Собеседники стали прислушиваться.
Из Сичу доносились звуки отдельных выстрелов. Там не жалели китайских снарядов, и пальба шла, не умолкая ни на минуту. К грому выстрелов в китайском лагере тоже привыкли, слух притупился, и поэтому удары гонга среди грохота пушек выделялись довольно заметно.
Ма и Нэ переглянулись. У них на лицах ясно отразилась тревога. Гонг указывал на то, что в их лагерь направляется некая важная персона.

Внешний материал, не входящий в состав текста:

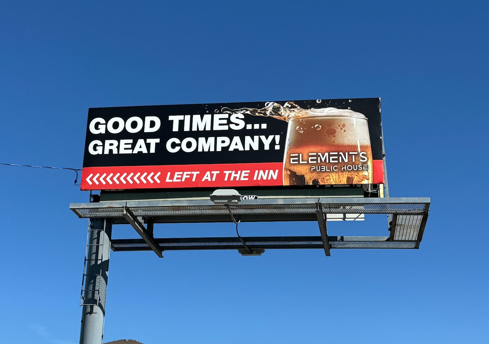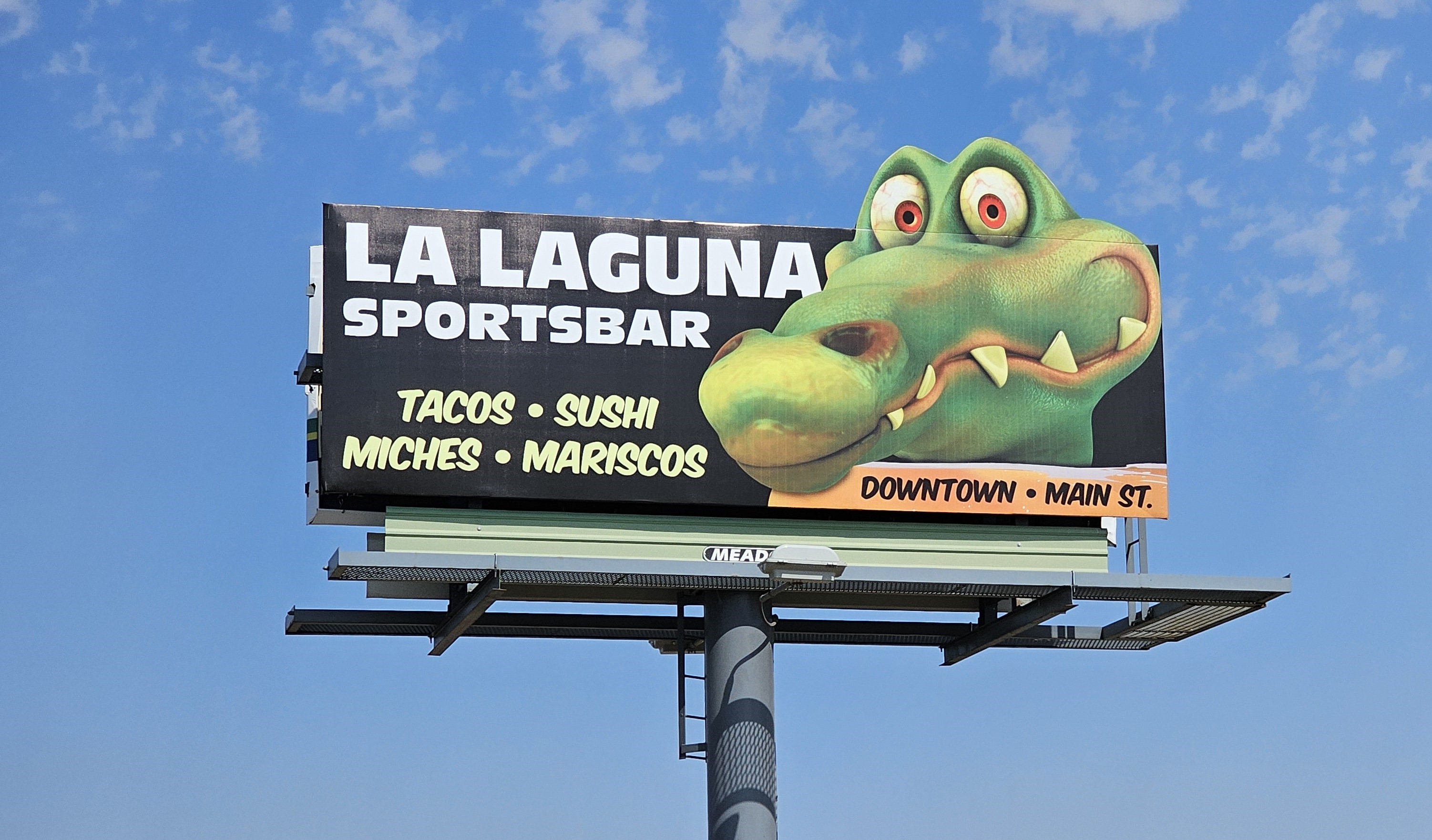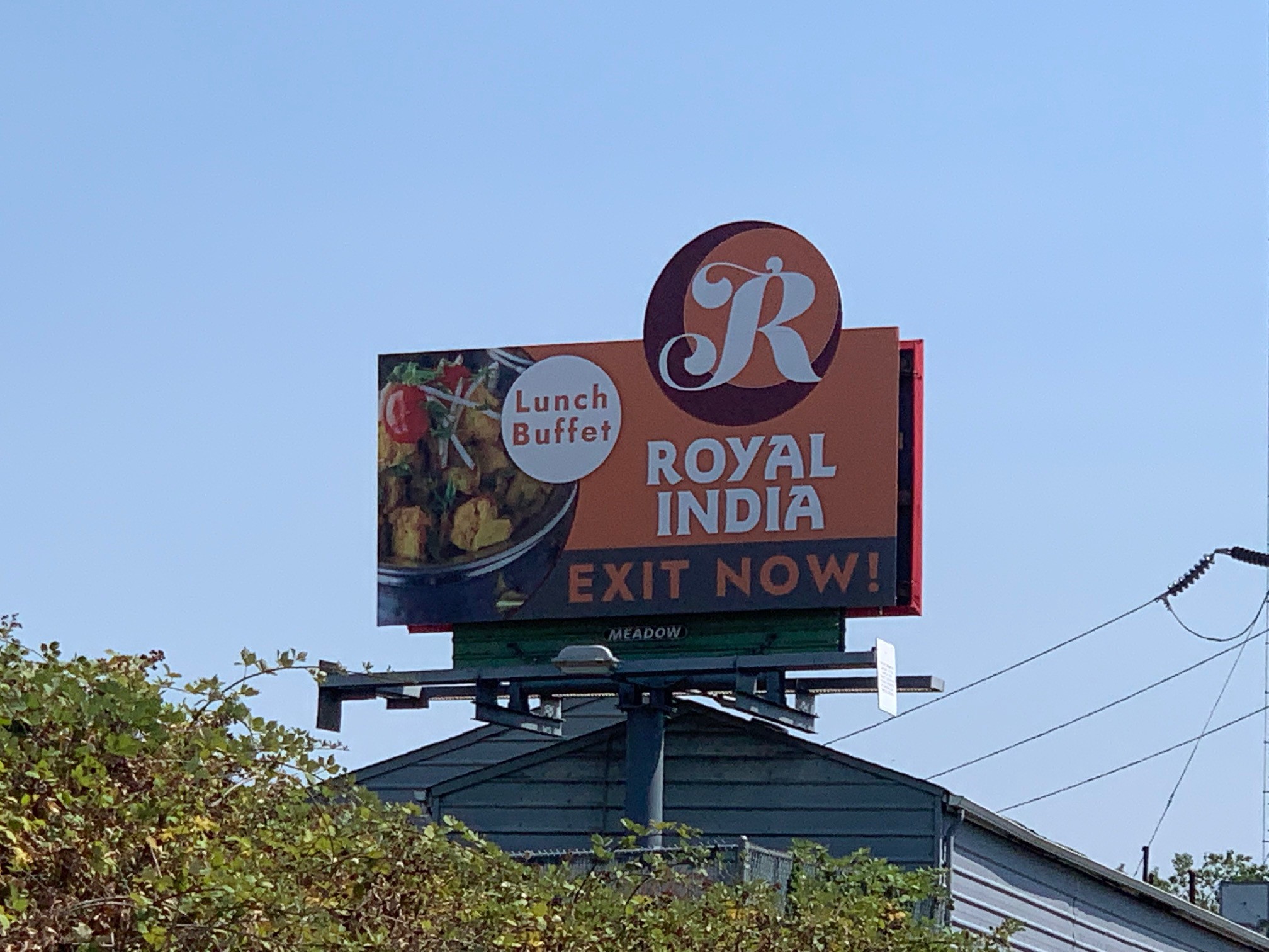 This small billboard stands out perfectly from the blue sky behind it with a bright orange background, a great photo of delicious food, and a small extension that packs some punch!

С чем? Это был вопрос жизни и смерти для генералов.
Очень может быть, что в Пекине уже были получены известия об их неудачах, и разгневанная правительница посылала кого-нибудь объявить им своё неудовольствие, а это было равносильно смертному приговору.

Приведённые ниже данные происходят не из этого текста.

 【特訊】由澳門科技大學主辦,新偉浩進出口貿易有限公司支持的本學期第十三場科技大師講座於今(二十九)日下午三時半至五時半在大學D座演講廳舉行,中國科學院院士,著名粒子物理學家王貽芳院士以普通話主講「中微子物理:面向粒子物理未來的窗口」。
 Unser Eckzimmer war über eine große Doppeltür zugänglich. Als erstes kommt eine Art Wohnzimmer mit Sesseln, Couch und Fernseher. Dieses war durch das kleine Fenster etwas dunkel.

Звуки гонга раздавались всё ближе. Ма и Нэ поспешили выйти из палатки. Прямо к ним приближался паланкин, перед которым несли жёлтые знамёна.
— Посланный «сыном Неба»! — восклицал бежавший впереди глашатай.
Паланкин остановился, и из него вышел мандарин, равный по своему положению обоим генералам.
Военачальники, однако, низко склонились перед ним, ожидая, что им придётся услышать от этого вестника.
— Вы, Ма, и вы, Нэ! — изрёк мандарин. — Слушайте! Величественный и могущественный «сын Неба», император наш, божественный Куанг-Сю, шлёт вам своё благоволение. Духи земли, воды и неба оскорблены белыми варварами; он решил изгнать белых из своей страны, дабы избежать мести божества. Война объявлена, и вам с высоты престола приказывается не щадить сил для изгнания иностранцев из пределов Китая.
Да, жребий был брошен, война была объявлена в то время, когда бои шли уже в нескольких пунктах...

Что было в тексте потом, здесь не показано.